BANGKOK - The Thai government's support measures and the passage of a delayed budget bill will help ease the economic blow from a new coronavirus, the country's central bank governor said on Tuesday.

It will take some time to assess the overall impact of the virus outbreak, which is hitting tourism and supply chains, Bank of Thailand Governor Veerathai Santiprabhob told reporters.

The Tourism Authority of Thailand expects the number of foreign tourists to fall by 5 million this year to about 35 million owning to the outbreak. Spending by foreign tourists accounted for no less than 11% of Thailand's GDP last year.

A 3.2 trillion baht ($102.47 billion) budget bill for the current fiscal year, delayed since Oct. 1, was approved last week by parliament and senate. 

"The good news is, the budget bill has passed... which will enable the government to inject money to help businesses and the economy," Veerathai said.

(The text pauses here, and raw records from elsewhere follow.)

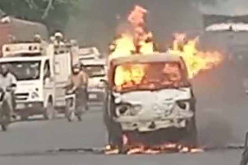रविवार सुबह श्रद्धालुओं से भरी मारुति वैन में सीएनजी लीक होने के बाद आग लग गई। इस हादसे में 5 बच्चों समेत 9 लोग झुलस गए। फिलहाल सभी को इलाज के लिए हास्पिटल में भर्ती कराया गया है। गंभीर हालत को देखते हुए उन्हें हायर सेंटर रेफर कर दिया।
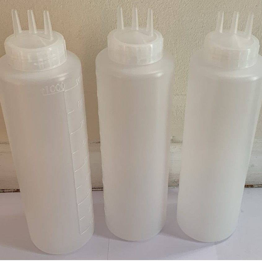 KIT 3 BISNAGAS PARA MOLHO PROFISSIONAL GRADUADA COM 3 BICOS 1LITRO Torne seu serviço mais eficiente com o frasco squeeze de três bicos. O design inovador do bico triplo oferece diferentes opções de apresentação e dispensa molhos em três vezes mais velocidade, ajudando a melhorar o tempo de servir. Feito de plástico transparente, o frasco facilita ver quando você está com pouco molho, permitindo que você reabasteça rapidamente e mantenha seu serviço funcionando perfeitamente. O plástico resistente também é incrivelmente robusto e durável, tornando-o a garrafa perfeita para uso em qualquer cozinha comercial movimentada. É muito adequado para cozinhar, bar, restaurante, artesanato, camping, churrasco, catering e muito mais
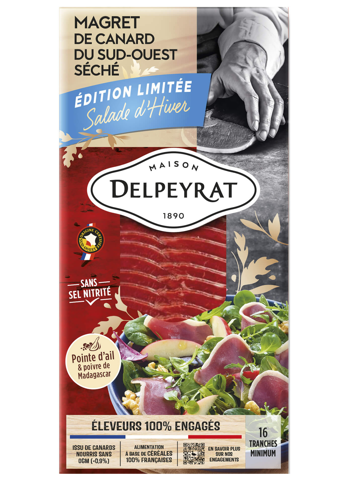 Ainsi, notre deuxième recette, mêlant ail et poivre de Madagascar, crée un équilibre raffiné entre puissance aromatique et douceur gustative, ce qui fait de ce magret séché l’atout idéal pour vos salades hivernales. Riche de son savoir-faire, Maison Delpeyrat sélectionne des ingrédients aux saveurs intenses et chaleureuses, pour créer une alliance unique avec le traditionnel magret de canard séché.

"Steps by the government to support business operators and workers will also help alleviate the (virus) impact," he said following the launch of interoperable QR payment between Thailand and Cambodia.

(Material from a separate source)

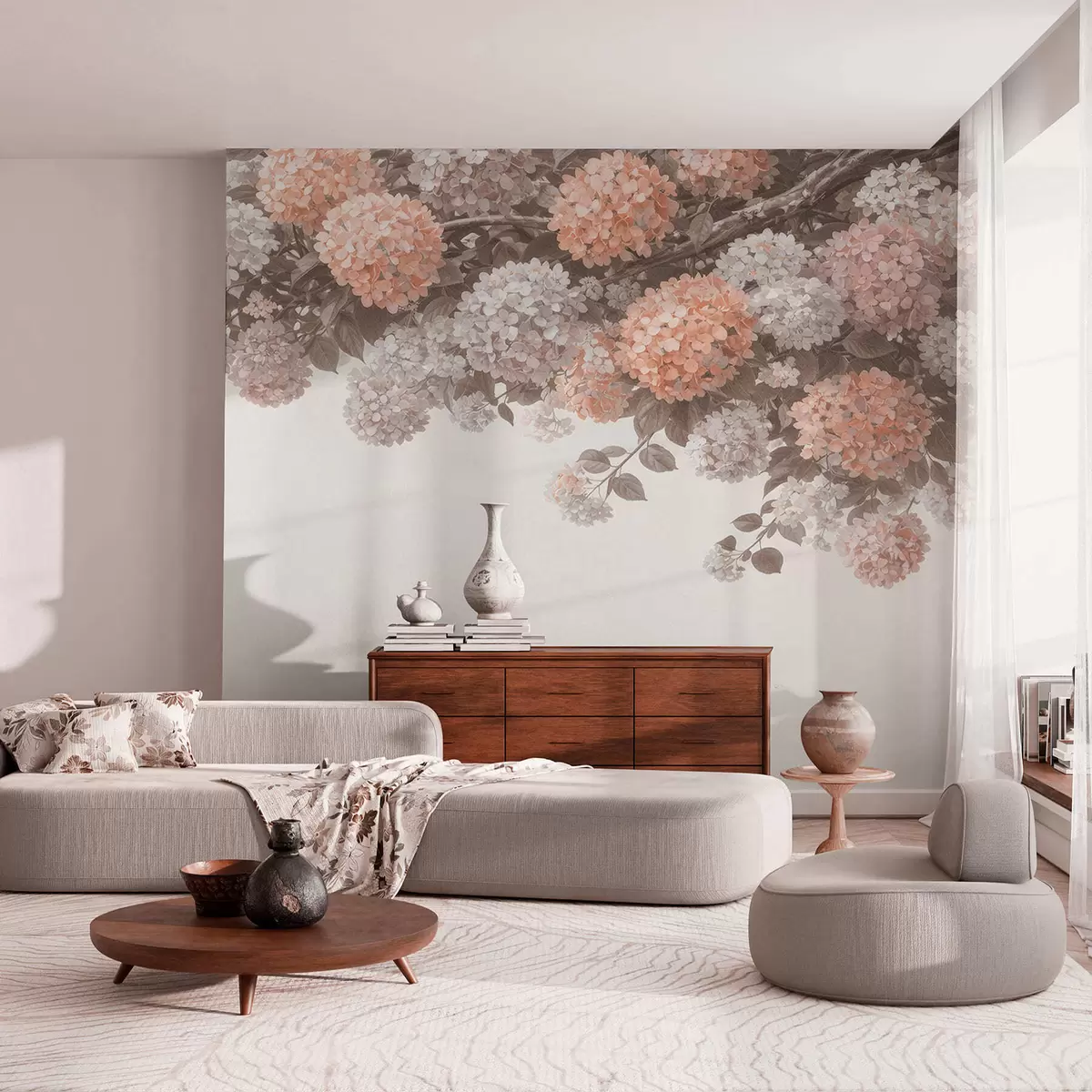Τοιχογραφίες Ζωγραφισμένες ορτανσίες κρέμονται Nr. w05250v1

Earlier this month, the government introduced steps, such as tax breaks and soft loans, to help virus-hit businesses. Last week, it said it was planning additional measures, including ones to promote domestic tourism.

On Feb. 5, the central bank also cut its benchmark interest rate to a record low of 1.0%, a third reduction since August, to shore up the economy. 

It will next review monetary policy and provide updated economic projections on March 25.

Southeast Asia's second-largest economy grew 2.4% last year, the weakest pace in five years, hurt by declining exports declined and sluggish investment. 

The central bank recently said the economy might grow less than 2% this year, compared with a previous forecast of 2.8% growth seen in December.